Just a few more photos of our furkids past and present. Looking back is bittersweet. Many awesome memories with these dogs. Every day and week and year is prescious now since Blaze is about 13 and Silva is about 12. Seems like yesterday they came to us when they were around 3 and 4. Sorry messed up the text and photos in the prior post. Have to see what happens this time.
View attachment 777


View attachment 778


View attachment 779


View attachment 780


View attachment 781


----------



## xxshaelxx (Mar 8, 2010)

Absolutely gorgeous! I LOOOOOVE the last one! haha. Now you're making me want another Sibe!!!


----------



## MollyWoppy (Mar 19, 2010)

They are simply stunning dogs. I know what you mean about bittersweet, it rips your heart out looking at pictures of your old dogs who are no longer here.
My sister in law has a sweet old 13 yo husky, I only get to see her once a year so I really notice her aging.

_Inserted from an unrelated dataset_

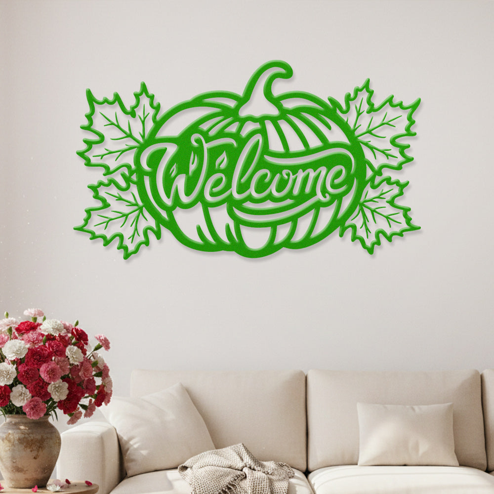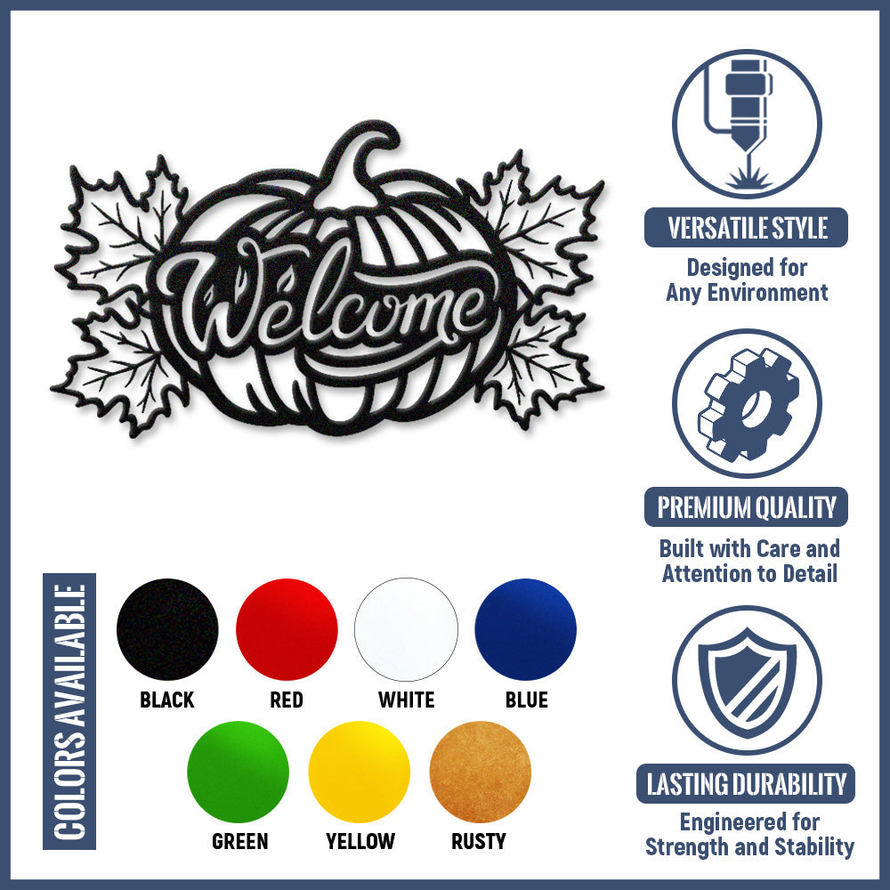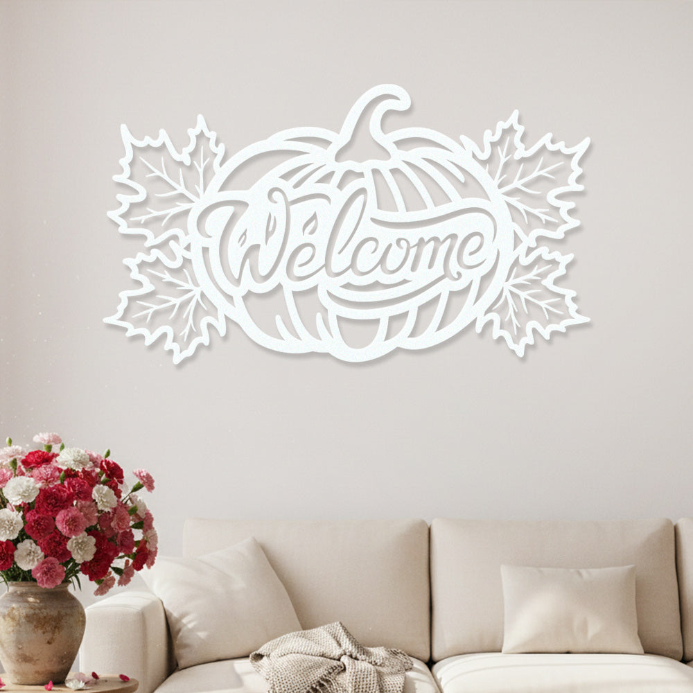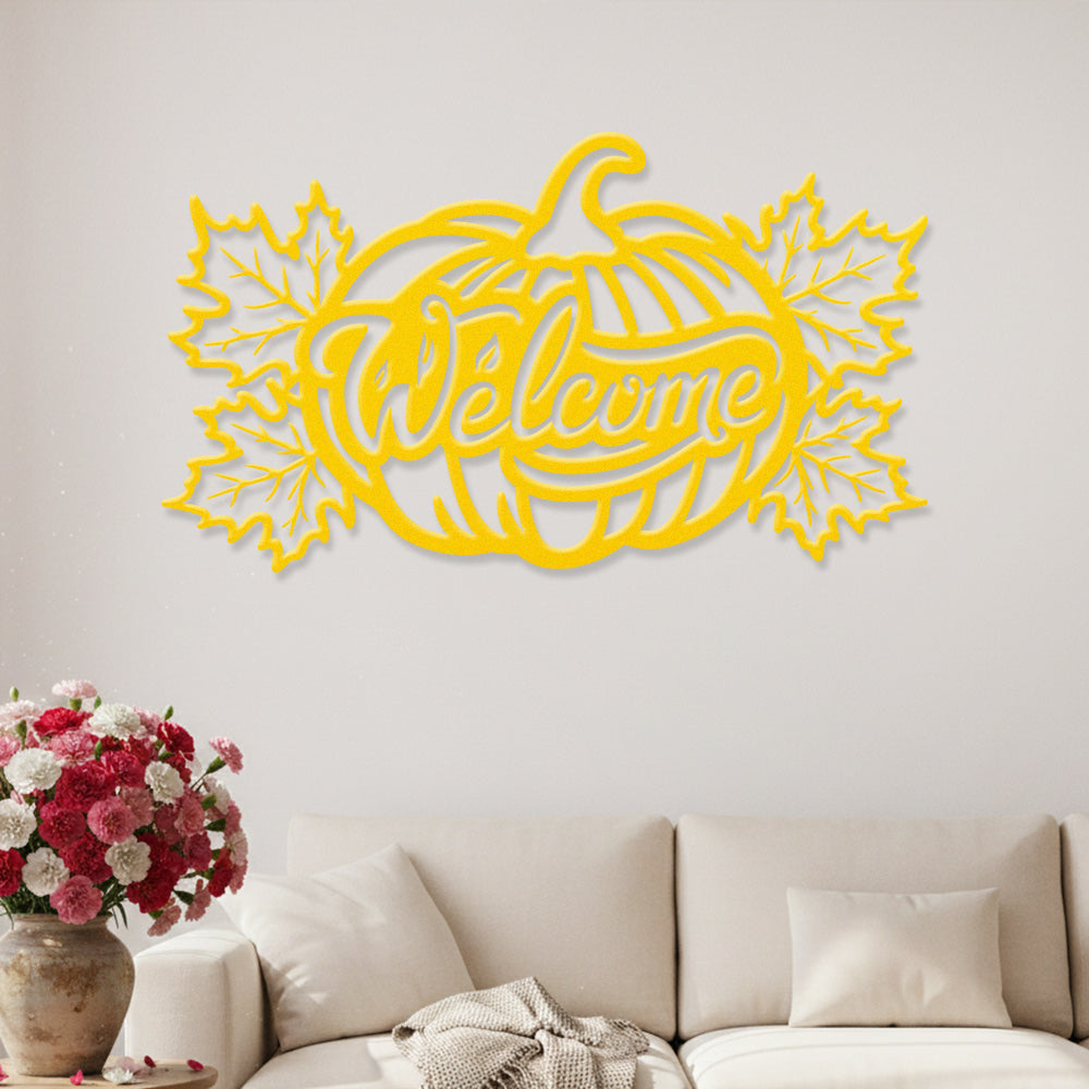 Welcome Pumpkin Metal Wall Art - Fall Iron Decor with Metal Welcome Sign
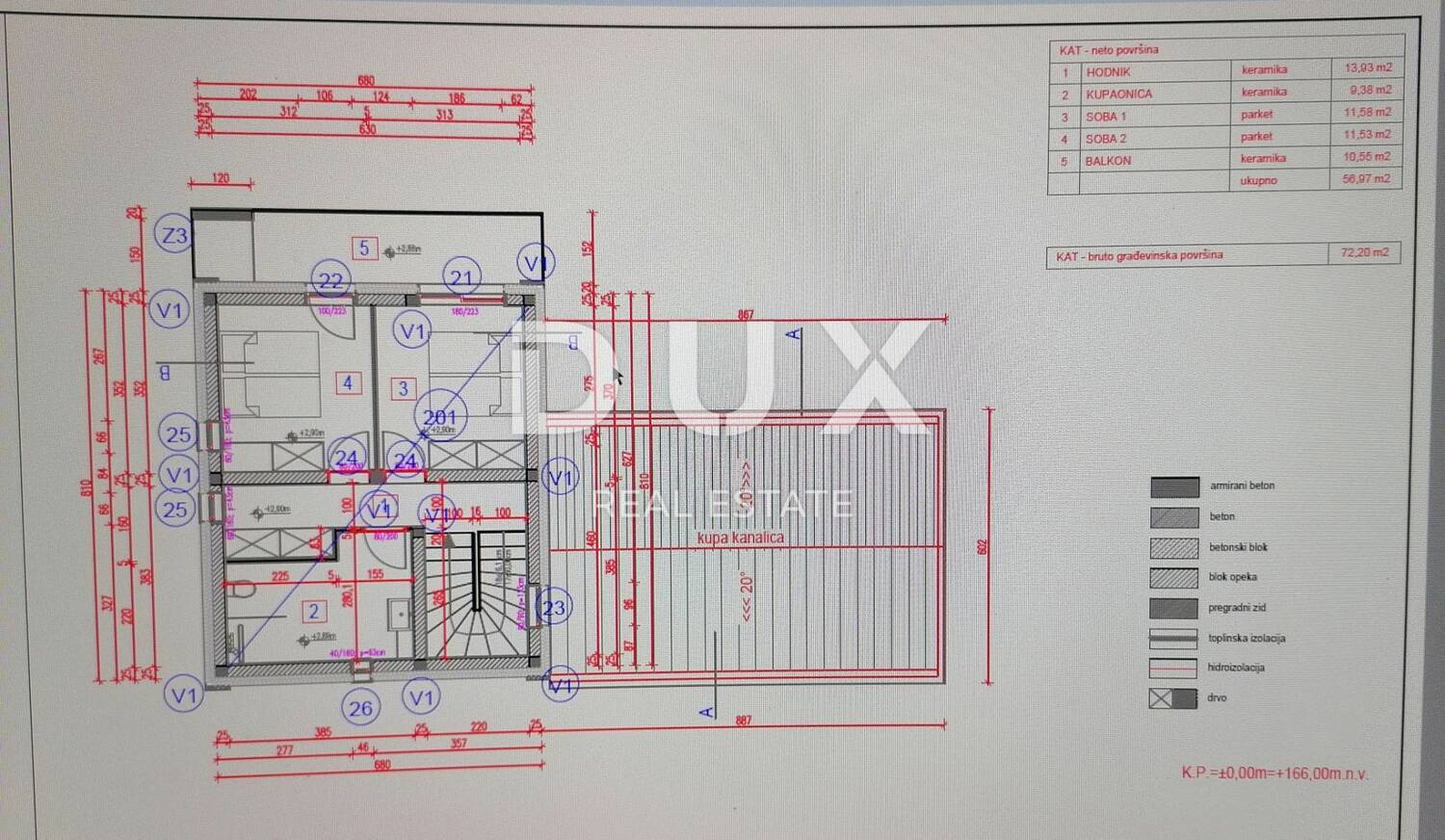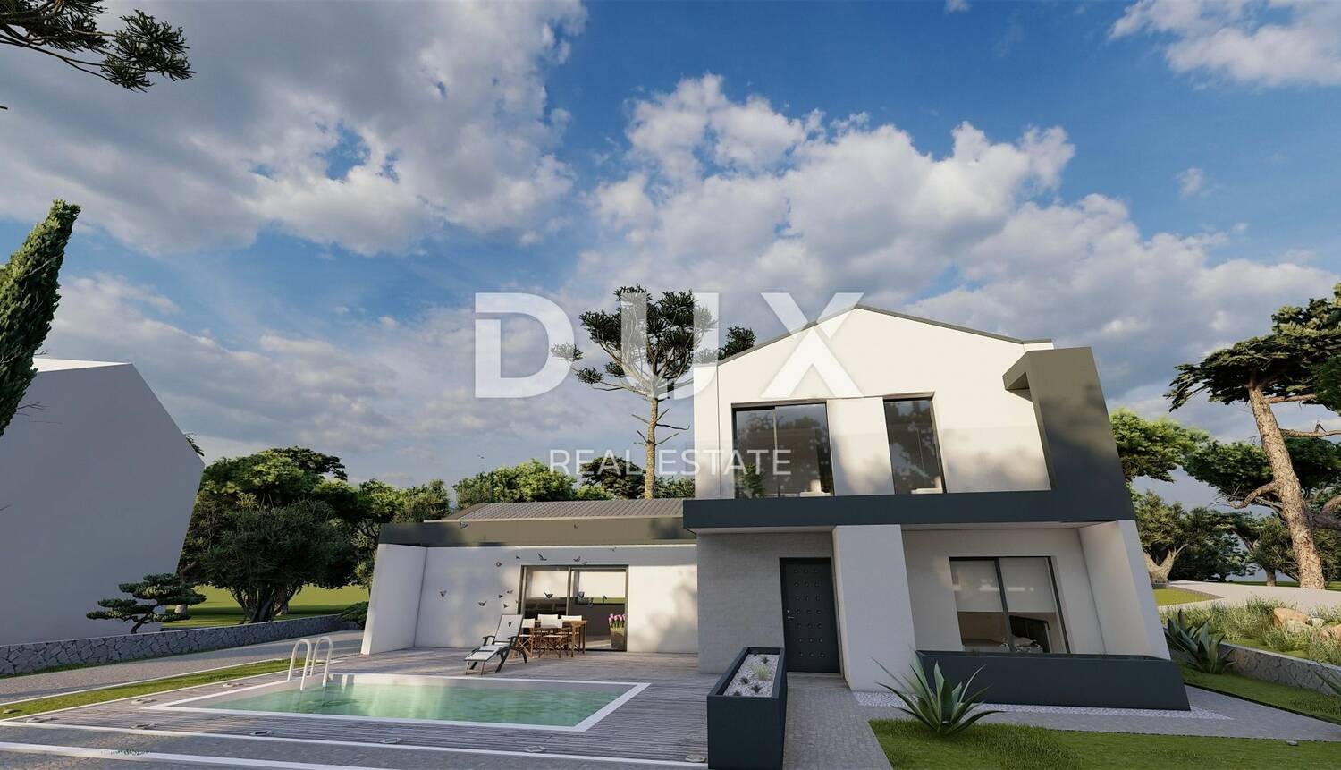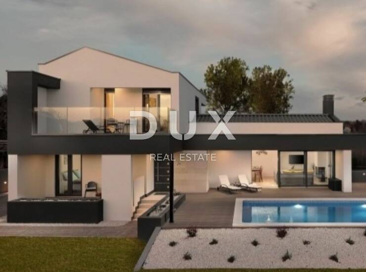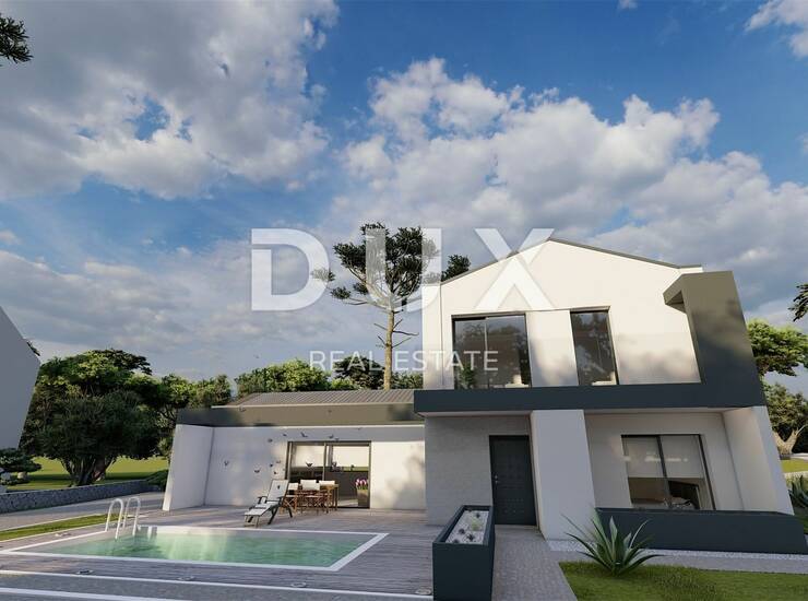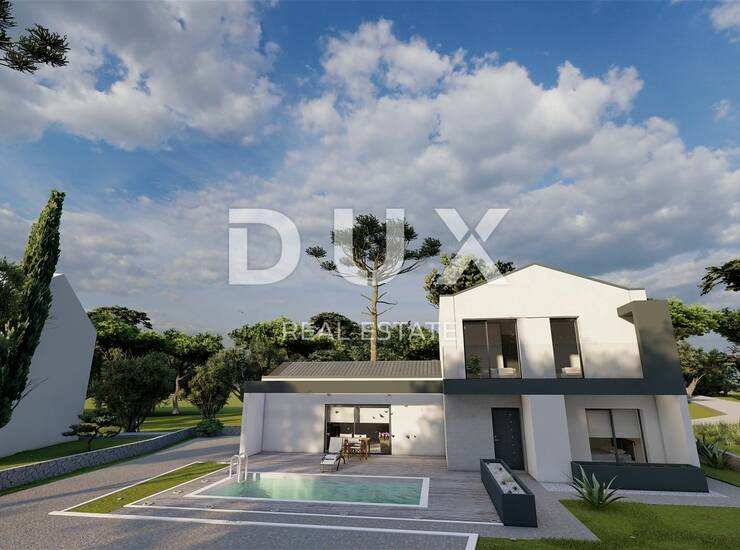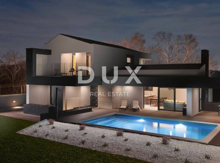 Ova moderna novogradnja nalazi se na mirnoj lokaciji. Ima oko 135 m2 i dvije etaže. U prizemlju objekta nalazi se hodnik, spremište, kupaonica, spavaća soba s izlazom na loggiu, kuhinja s blagovaonicom i dnevnim boravkom koji imaju izlaz na lijepo uređenu natkrivenu terasu i okućnicu na kojoj se nalazi bazen. Na katu su se smjestili hodnik s garderobom, kupaonica, dvije spavaće sobe s izlazom na balkon s lijepim pogledom. Na okućnici ima predviđena dva parkirna mjesta.

A real sweet old lady that hobbles around but still thinks she can chase skunks/squirrels/cats or anything that moves.
Thanks so much for the pictures.


----------



## stajbs (Jun 5, 2010)

xxshaelxx, they truly are like potato chips, you can't have just one. Plus in most cases they enjoy the company of another sibe or two. Just gotta watch those spayed bitches. The photos in this thread are of Sandi(the sibe/GSD mix who never ran), Blaze and Silva keeping dad warm last winter, Thorn an awesome weight puller and great wheel dog, took him a while to come out of his shell when he came here, but he was a rocket in any harness, then Ice and Jewel who both came from the same local SPCA. Ice was fully obedience trained when he came, loved to run, hated weight pulling(lol) but was so obedient when you stopped the team he sat and acted almost like an extra break. He was a big boy at about 60 pounds. The last one was Jewel, god I miss her zest for life. She was an awesome girl, even as a youngster. Within one year she learned how to lead a team, she was always excited to look ahead and see what was around the bend. Lots of folks commented on her color and her look, I haven't seen many like her xxshaelxx but I do love her look.

The best part of all was how well they all got along. They were and are wonderful with people and even as Blaze and Silva have aged they still act like kids. They keep us young and hopping. 

Glad you both liked them.


----------



## DaneMama (Jun 27, 2008)

Gorgeous dogs! Thanks for sharing!


----------



## wags (Jan 31, 2009)

beautiful dogs!!!!!!!!!!!!!!!!!!!!:smile:


----------



## Ania's Mommy (Feb 8, 2009)

I don't know how I missed these. Gorgeous dogs! I absolutely love sibes! 

Thanks for posting these. :tongue:


----------